◆ Input material:

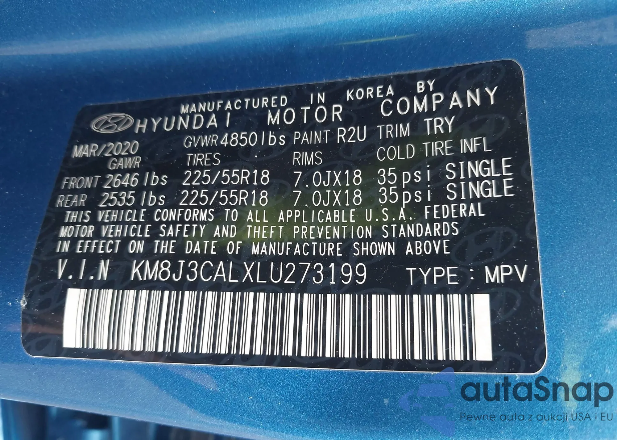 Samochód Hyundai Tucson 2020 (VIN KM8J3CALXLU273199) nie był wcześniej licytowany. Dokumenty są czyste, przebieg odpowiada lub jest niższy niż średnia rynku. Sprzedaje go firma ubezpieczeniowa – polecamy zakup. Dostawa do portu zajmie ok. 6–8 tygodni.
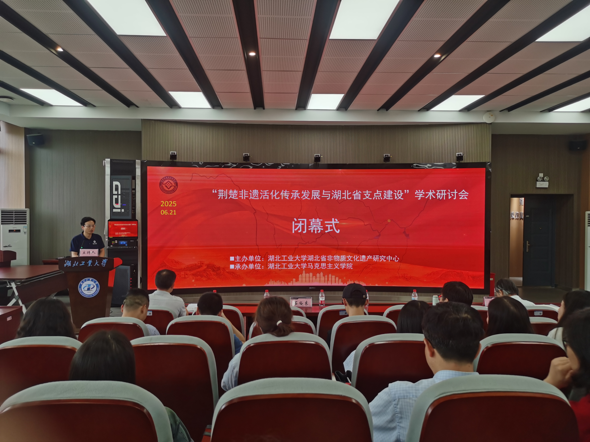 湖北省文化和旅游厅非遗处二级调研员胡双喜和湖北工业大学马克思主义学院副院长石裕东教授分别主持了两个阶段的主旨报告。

==

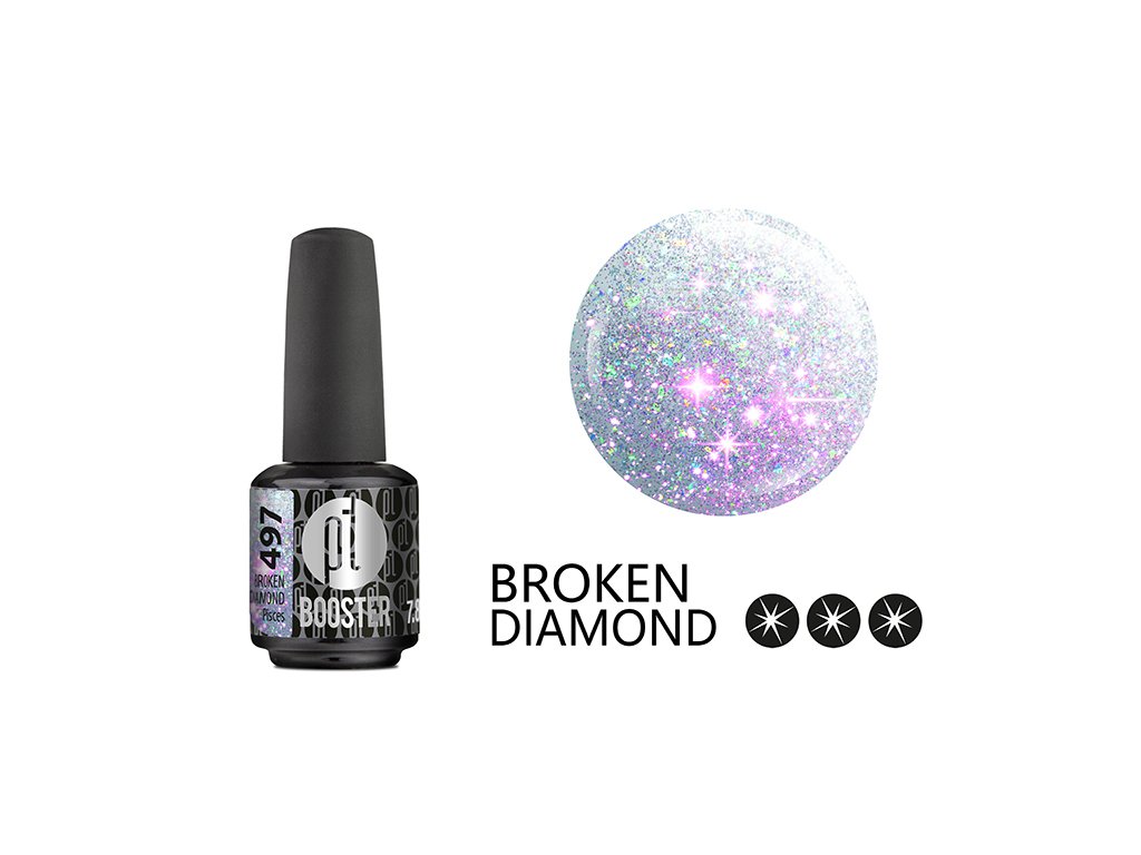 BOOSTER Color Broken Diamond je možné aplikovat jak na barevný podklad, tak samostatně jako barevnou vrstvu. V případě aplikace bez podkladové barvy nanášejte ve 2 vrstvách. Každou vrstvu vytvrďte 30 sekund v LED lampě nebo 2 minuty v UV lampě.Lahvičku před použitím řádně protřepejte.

◆ What is being asked: Word for word, write out the lines above running from the one with "Samochód Hyundai Tucson" up to and including the one with "湖北省文化和旅游厅非遗处二级". Drop any picture.

◆ Solved problem:
 Samochód Hyundai Tucson 2020 (VIN KM8J3CALXLU273199) nie był wcześniej licytowany. Dokumenty są czyste, przebieg odpowiada lub jest niższy niż średnia rynku. Sprzedaje go firma ubezpieczeniowa – polecamy zakup. Dostawa do portu zajmie ok. 6–8 tygodni.
 湖北省文化和旅游厅非遗处二级调研员胡双喜和湖北工业大学马克思主义学院副院长石裕东教授分别主持了两个阶段的主旨报告。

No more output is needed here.